> [Given records]:
Content starts

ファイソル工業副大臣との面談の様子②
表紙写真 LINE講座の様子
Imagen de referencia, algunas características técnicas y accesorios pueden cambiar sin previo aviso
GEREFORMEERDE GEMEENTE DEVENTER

Content ends
Content starts

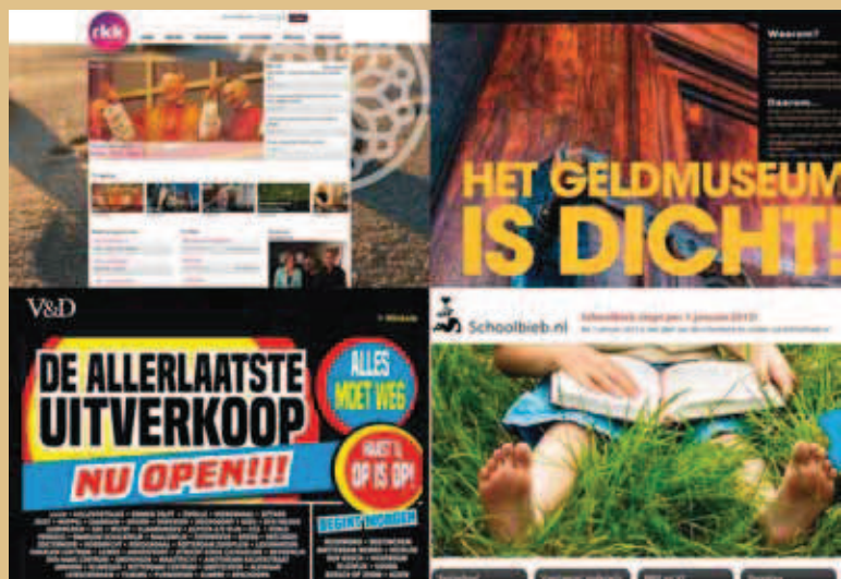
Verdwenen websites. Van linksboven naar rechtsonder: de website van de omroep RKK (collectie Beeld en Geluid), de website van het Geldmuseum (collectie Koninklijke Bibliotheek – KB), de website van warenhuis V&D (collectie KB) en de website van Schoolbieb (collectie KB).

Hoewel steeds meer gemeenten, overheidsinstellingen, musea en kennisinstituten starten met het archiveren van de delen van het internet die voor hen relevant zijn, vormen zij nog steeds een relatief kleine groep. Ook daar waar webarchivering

Content ends
Content starts

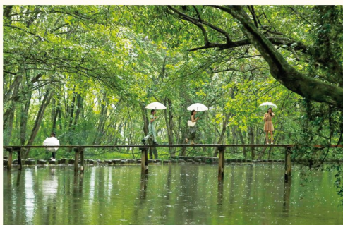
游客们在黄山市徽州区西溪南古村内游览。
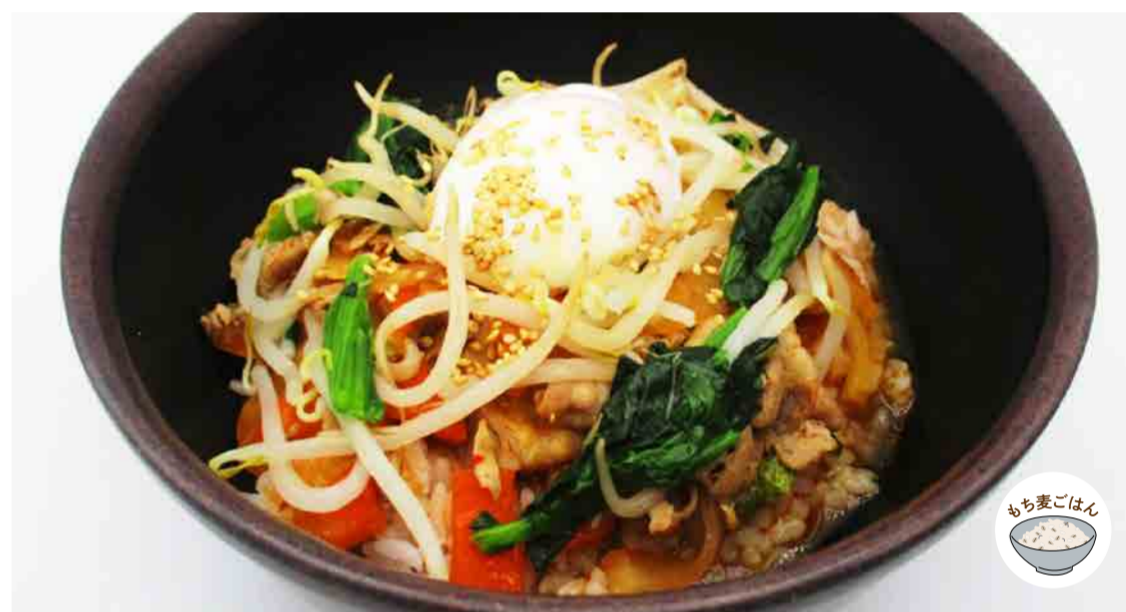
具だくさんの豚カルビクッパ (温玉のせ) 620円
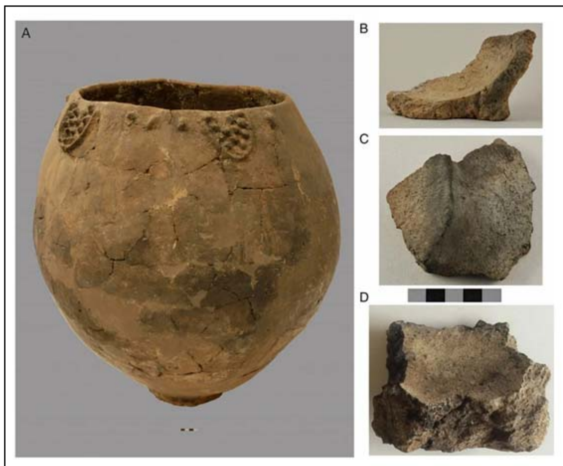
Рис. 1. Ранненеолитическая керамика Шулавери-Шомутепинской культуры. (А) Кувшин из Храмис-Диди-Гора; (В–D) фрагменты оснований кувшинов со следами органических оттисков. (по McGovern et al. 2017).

Content ends

> [Work instruction]: In the data above, find the line that contains "ファイソル工業副大臣との面談の様子②" and the line that contains "GEREFORMEERDE GEMEENTE DEVENTER". Repeat exactly those lines and every line between them, and only those.

> [Task response]:
ファイソル工業副大臣との面談の様子②
表紙写真 LINE講座の様子
Imagen de referencia, algunas características técnicas y accesorios pueden cambiar sin previo aviso
GEREFORMEERDE GEMEENTE DEVENTER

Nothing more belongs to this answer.